(Materials provided begins)

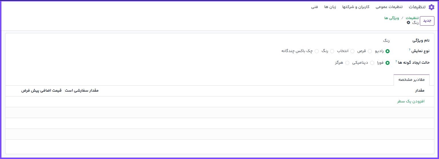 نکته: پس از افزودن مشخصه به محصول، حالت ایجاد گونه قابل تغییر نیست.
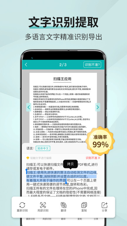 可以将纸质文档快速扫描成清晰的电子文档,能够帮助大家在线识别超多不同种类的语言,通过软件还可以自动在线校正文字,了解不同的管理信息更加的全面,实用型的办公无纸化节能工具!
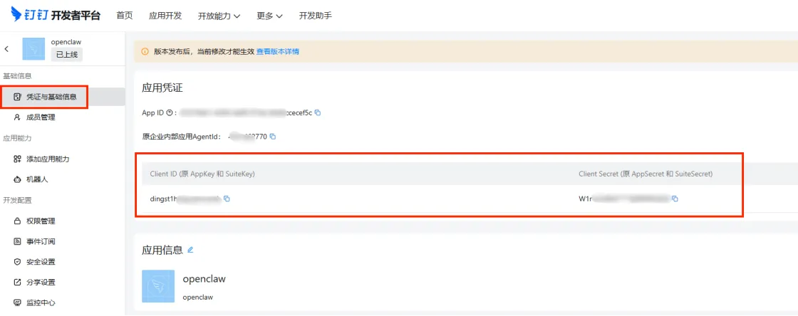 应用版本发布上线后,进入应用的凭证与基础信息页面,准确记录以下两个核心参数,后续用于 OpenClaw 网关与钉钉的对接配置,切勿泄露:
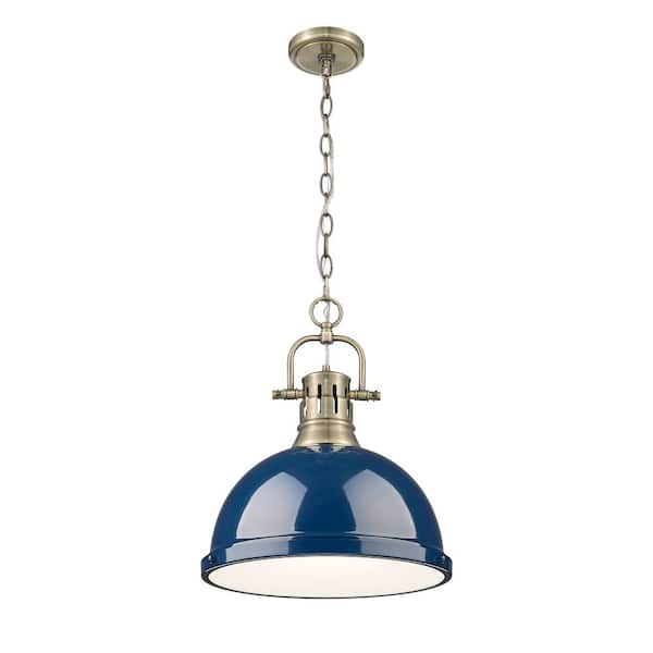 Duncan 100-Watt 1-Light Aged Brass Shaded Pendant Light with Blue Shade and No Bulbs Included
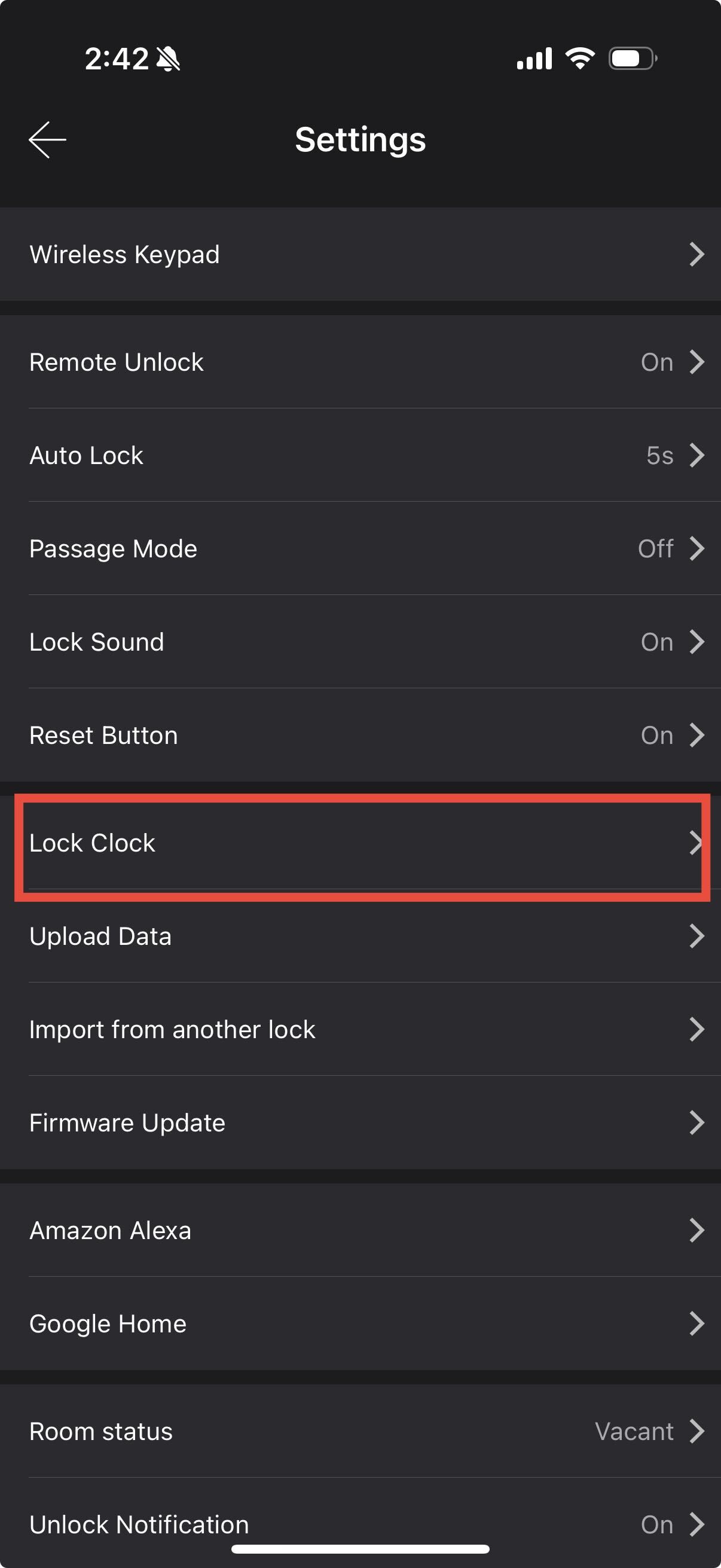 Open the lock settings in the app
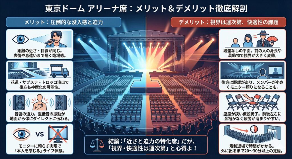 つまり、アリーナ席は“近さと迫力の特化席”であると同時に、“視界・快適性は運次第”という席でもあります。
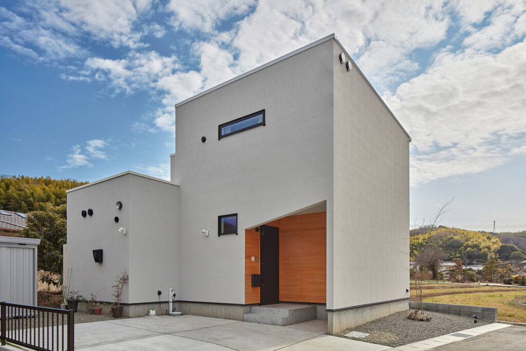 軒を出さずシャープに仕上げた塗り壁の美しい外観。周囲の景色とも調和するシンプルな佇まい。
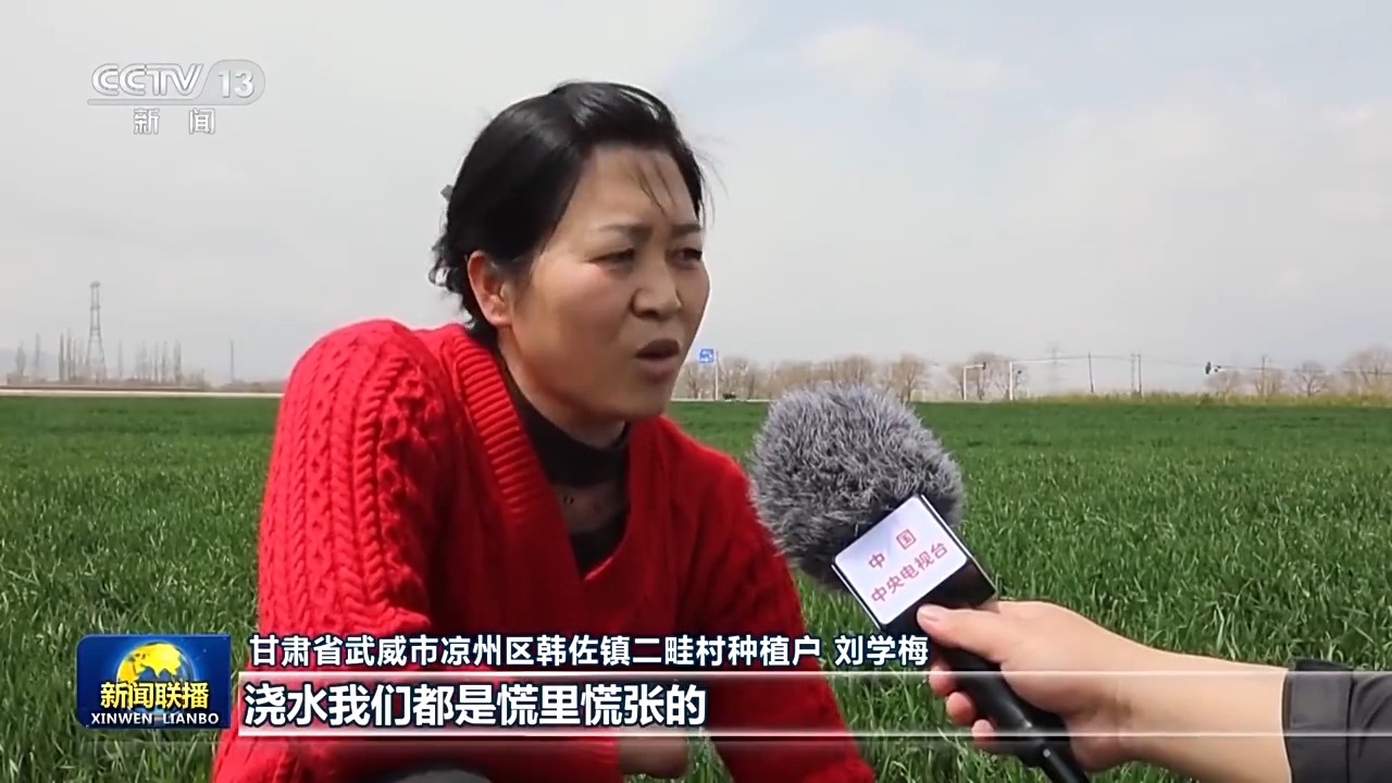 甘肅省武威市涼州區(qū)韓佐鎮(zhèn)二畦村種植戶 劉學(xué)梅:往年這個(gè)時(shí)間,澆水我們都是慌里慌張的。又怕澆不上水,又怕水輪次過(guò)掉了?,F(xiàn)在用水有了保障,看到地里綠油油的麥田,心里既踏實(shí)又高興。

(Materials provided ends)

- Problem -
Print every entry above again, exactly as written. Leave the images out.

- Solution to this exercise -
 نکته: پس از افزودن مشخصه به محصول، حالت ایجاد گونه قابل تغییر نیست.
 可以将纸质文档快速扫描成清晰的电子文档,能够帮助大家在线识别超多不同种类的语言,通过软件还可以自动在线校正文字,了解不同的管理信息更加的全面,实用型的办公无纸化节能工具!
 应用版本发布上线后,进入应用的凭证与基础信息页面,准确记录以下两个核心参数,后续用于 OpenClaw 网关与钉钉的对接配置,切勿泄露:
 Duncan 100-Watt 1-Light Aged Brass Shaded Pendant Light with Blue Shade and No Bulbs Included
 Open the lock settings in the app
 つまり、アリーナ席は“近さと迫力の特化席”であると同時に、“視界・快適性は運次第”という席でもあります。
 軒を出さずシャープに仕上げた塗り壁の美しい外観。周囲の景色とも調和するシンプルな佇まい。
 甘肅省武威市涼州區(qū)韓佐鎮(zhèn)二畦村種植戶 劉學(xué)梅:往年這個(gè)時(shí)間,澆水我們都是慌里慌張的。又怕澆不上水,又怕水輪次過(guò)掉了?,F(xiàn)在用水有了保障,看到地里綠油油的麥田,心里既踏實(shí)又高興。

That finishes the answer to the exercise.